Last night, my father-in-law and I were discussing the notion of truth, and in particular, how the anti-Vax movement exists and why is the truth is so malleable.
And what I observed, and thought may be worth sharing, is that the human-made world is as magical as the natural world. And that has profound implications for us as human beings.
What do I mean by magical?
If we consider something like math, there are fundamental axioms that allow us to create or discover theorems. Those axioms make it possible to understand the world more deeply. Those axioms are not provable.
As mathematics is layered, a typical mathematical proof will have some reference to some theorem that has been proven elsewhere, that the paper hinges on.
And mathematicians assume that a theorem is correct. It is right because it both can be used to derive more math, and because it has resisted the assault on its correctness from other mathematicians.
Every so often, however, a theorem is proven to be wrong, or unproven. When that happens, a whole sub-branch of mathematics that depended on that theorem dissolves into nothingness.
In short, mathematicians rely on the assumption that the other parts of mathematics are correct.
They believe the theorems are correct, without necessarily understanding the entire depth of their correctness. Mathematicians also simultaneously understand that at some fundamental level, their truth depends on unprovable but useful axioms.
And that faith is magical thinking. We believe that the system works; therefore, it works, while realizing it may not.
And is this fundamentally different from the Ancient Greek perspective on Helios? After all, they believed that a titan dragged the Sun was dragged across the sky. And that explanation, although absurd, had sufficient predictive power that the farmers of the time could make other inferences and assumptions. And it was a perfectly workable model of the Sun. Absurd, but workable.
In short, the mathematicians’ faith in a theorem is the same faith of the Ancient Greek farmer in a titan who drags the Sun across the sky. Both could be proven to be absurdly incorrect, and both useful.
My intent is not to suggest that mathematics is not rigorous, but to illustrate how the most stringent of intellectual disciplines is also based somewhat on faith.
But why do I say that the world is magical?
Because, in the past, the human-made world was not magical. A person could understand everything about his house. They could understand how to build it, and they could understand how to make the tools they used, he could understand why some tools worked better than others. The natural world was magical, but the person-made world was rational.
The triumph of modern science is a person-made world that is as magical as the natural world.
The rationalist project to reduce the natural world to the well understood human-made world failed.

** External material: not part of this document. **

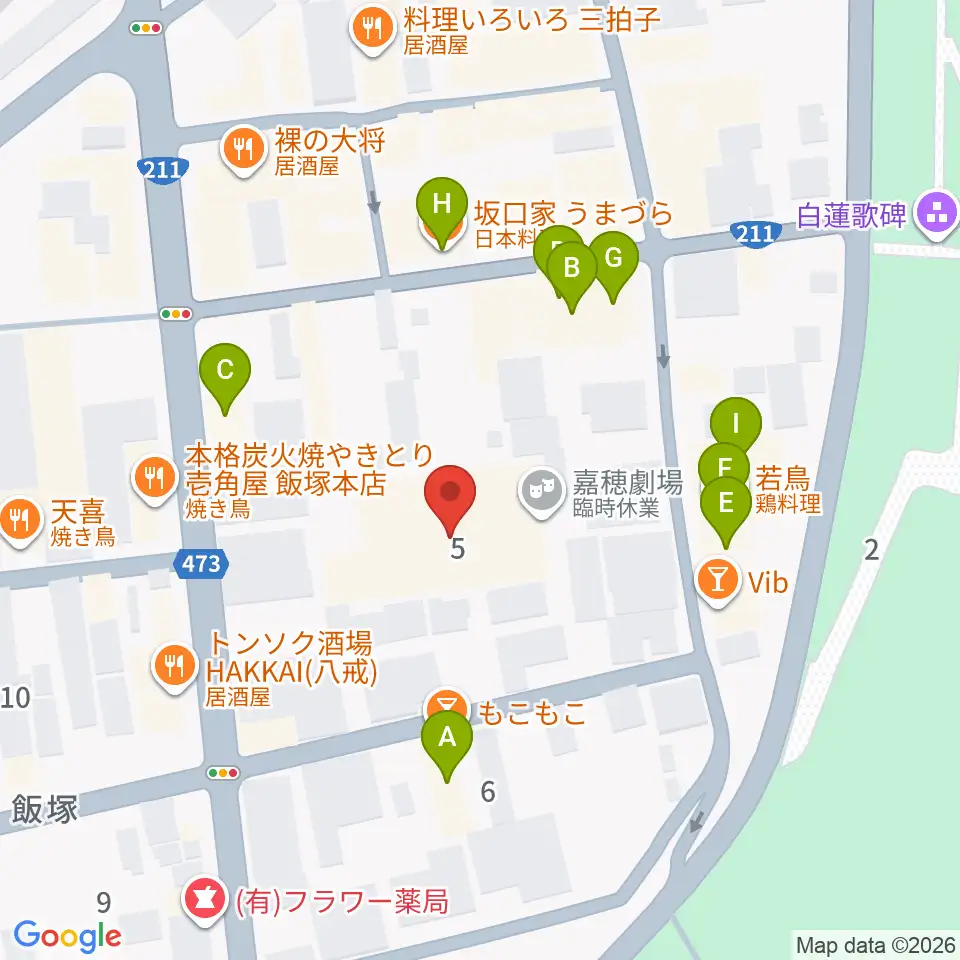嘉穂劇場周辺のファミレス・ファーストフード一覧地図

We know that we don’t know and must make assumptions.
And if it only ended at science, the rest of us could live in a perfectly rational and understood world.
But the engineers created a magical world that defies understanding. Consider the micro-processor. It represents several hundred thousand person-years of engineering and science (if not millions). No one can understand every piece of it, because there is not enough time in a human life-time to understand it.

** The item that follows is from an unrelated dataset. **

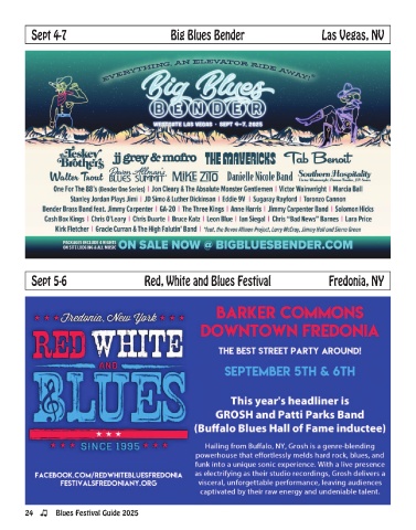 Sept 4-7 Big Blues Bender Las Vegas, NV Sept 5-6 Red, White and Blues Festival Fredonia, NY 24 Blues Festival Guide 2025

Or consider the reader of this blog, that the set of technologies and science to make reading this blog possible, make the Apollo project look like a ten-person startup.
So engineers must rely on faith. Things work, so we continue to use them. And we build stuff on top of them.
But unfortunately, this faith has destroyed the truth. Since no one can understand the human-made world, based on a natural world we don’t understand, then everything is based on faith.
And if we base everything on faith, then everything is magical. We believe things to be true, because they work and because no one has disproved them or because they are useful. And if some truths are useful, then others are also useful. And if all truths are contingent and based on assumptions, then …
Why then it becomes a natural slippery slope to anti-Vaxers. Their truth is just as valid as anyone else’s in their minds; they have a different faith. They have a particular faith that science is wrong. They have a particular belief that big-pharma is evil. They have a particular faith that they have been lied to.
Because it turns out that everything about our world is magical. Everything we touch works because we believe other parts work, and as long as all of our assumptions hold, things hold. But, deep down, we all know that these assumptions are fragile things, like the mathematician and their axioms. And we know that something we don’t understand could up-end them, like the Ancient Greek farmer and his belief in Helios.